(a) We start with \(\sum_{r=1}^{n} (2r+1) = 2\sum_{r=1}^{n} r + n\). Using the formula for the sum of the first \(n\) natural numbers, \(\sum_{r=1}^{n} r = \frac{n(n+1)}{2}\), we have:

\(2\sum_{r=1}^{n} r + n = 2 \times \frac{n(n+1)}{2} + n = n(n+1) + n = n(n+2)\).

(b) To show \(\frac{2r+1}{(r^2+1)(r^2+2r+2)} = \frac{1}{r^2+1} - \frac{1}{r^2+2r+2}\), we find a common denominator:

\(\frac{1}{r^2+1} - \frac{1}{r^2+2r+2} = \frac{r^2+2r+2 - (r^2+1)}{(r^2+1)(r^2+2r+2)} = \frac{2r+1}{(r^2+1)(r^2+2r+2)}\).

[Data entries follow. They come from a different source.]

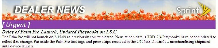The Boy Genius Report has gotten their hands on an internal Sprint newsflash stating that the Treo Pro won't be released on February 15th, and the release date is (TBA) "To Be Announced".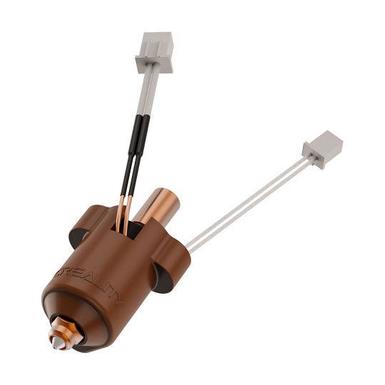 The ceramic hotend for the Creality Ender-3 V3 KE 3D printer is designed to increase 3D printing performance while maintaining thermal stability. The ceramic heater surrounds the heating block 360° , improving heat transfer efficiency, shortening heat-up time, and ensuring a more uniform temperature during operation. It enables material flow rates of up to 32 mm³/s , enabling print speeds of up to 500 mm/s (test data for a 0.4 mm nozzle at 240°C). The all-metal construction and thin-walled titanium-copper alloy heatbreak improve thermal insulation and control the filament melt zone. The kit includes two nozzles with a copper body and a hardened steel tip . The nozzle's inner surface has a roughness of Ra ≤ 0.4 for smoother material feeding and reduces the risk of blockages.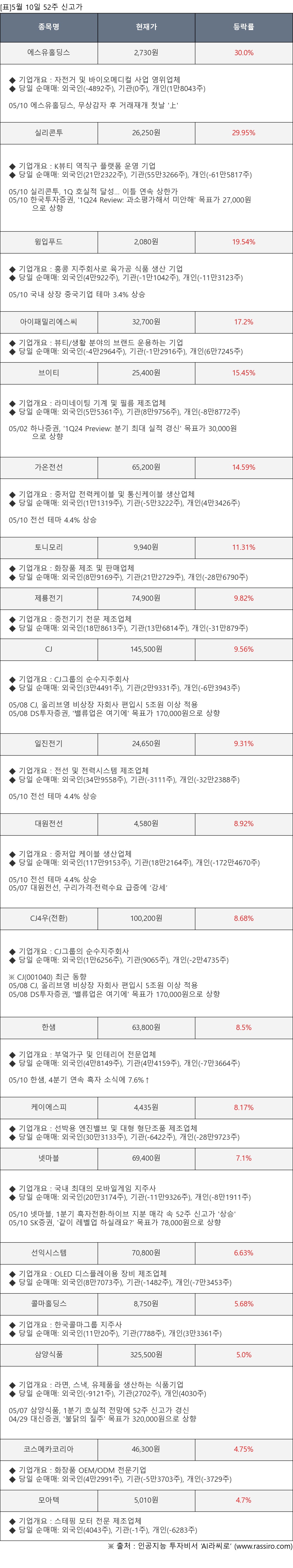 ※ 관련 종목: 에스유홀딩스, 실리콘투, 윙입푸드, 아이패밀리에스씨, 브이티, 가온전선, 토니모리, 제룡전기, CJ, 일진전기, 대원전선, CJ4우(전환), 한샘, 케이에스피, 넷마블, 선익시스템, 콜마홀딩스, 삼양식품, 코스메카코리아, 모아텍

(c) Using the result from (b), the series becomes a telescoping series:

\(\sum_{r=1}^{n} \left( \frac{1}{r^2+1} - \frac{1}{r^2+2r+2} \right) = \frac{1}{2} - \frac{1}{n^2+2n+2}\).

(d) As \(n \to \infty\), the term \(\frac{1}{n^2+2n+2} \to 0\), so the sum converges to \(\frac{1}{2}\).